As political strategy, the government’s latest moves may pay handsome dividends; in a few swift gambits, the opposition has been pushed against the ropes. Given the competitive populism that passes for politics, the government can rightly feel it has emerged triumphant.
However, the schemes will do with little for their intended beneficiary: the aam aadmi. The Congress line is that given the high growth rate, the government can afford to be generous with the “weaker sections.” Meanwhile, the government’s financial managers have, because their fear of inflation, succeeded in the reversing the growth story.

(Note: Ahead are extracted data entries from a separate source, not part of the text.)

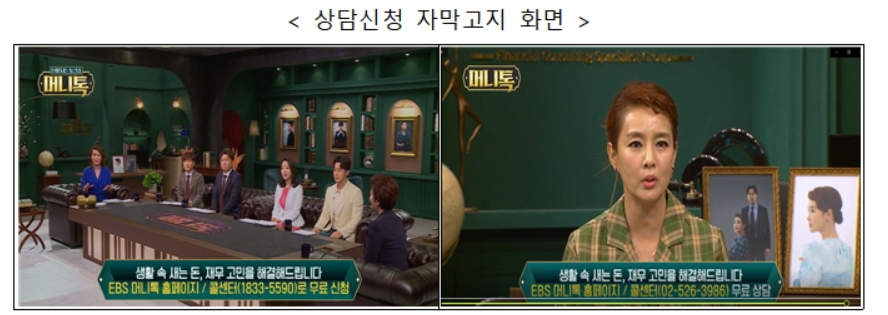 EBS는 키움에셋플래너가 운영한 상담전화를 방송사 운영 EBS 머니톡 콜센터인 것처럼 안내했고, 상담을 신청할 때 시청자 개인정보가 특정 보험 대리점에 제공된다는 사실 등에 대해 시청자들로부터 동의를 받지 않았다.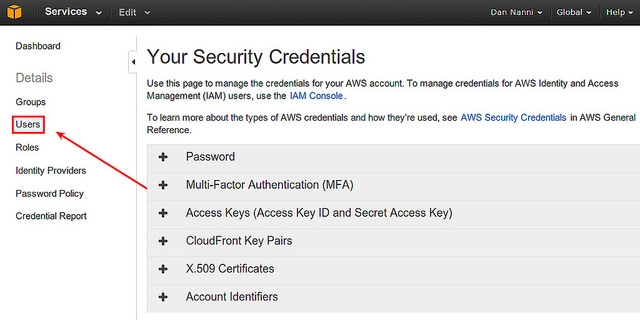 要管理IAM用户,点击“安全凭证”页面上的“用户”菜单(见图示)。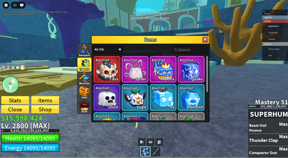 Acc level 2800 - GOD - T_Rex inventory + Nhiều beli

The latest indices of production show a steep decline in manufacturing and a virtual collapse of the capital markets.
Analysts say the overall growth rate could come down to six percent over the year. That will reduce the amount available for populist handouts. Clearly, the schemes are unsustainable, especially if the economy tanks. I wonder if the mandarins of North Block have thought this through. Otherwise, the government’s shrewd populist move will devolve into just another time-worn ploy to buy votes with money.
Unless Rahul can shake off these wilted-flower garlands, he could find it difficult to accomplish what he let slip recently: to revive the Congress by ushering in inner-party democracy। The party has not changed much; it is teeming with sycophants and fixers, and ambitious but clueless politicians, seeking to climb a rung higher. When Sonia Gandhi came upon the scene 10 years ago, the party was tottering, rent asunder by the wiles of petty men like the late Sitaram Kesri and Arjun Singh. She stabilized it, kept the flock together and went on to victory in the 2004 election.
Things have changed now and Sonia’s cautious, “don’t rock the boat” approach has passed the point of diminishing returns. The party rank and file stir themselves only to protect their turf and privileges. As things stand, it appears that for the Congress Party, we are still in the 1960s and 1970s when only state-approved voices were heard; the rest was ambient noise to be shut out by the sound-canceling earphones of ideology. From “garibi hatao” to “inclusive growth,” poverty still remains the dark side of what Nehru called the Indian adventure.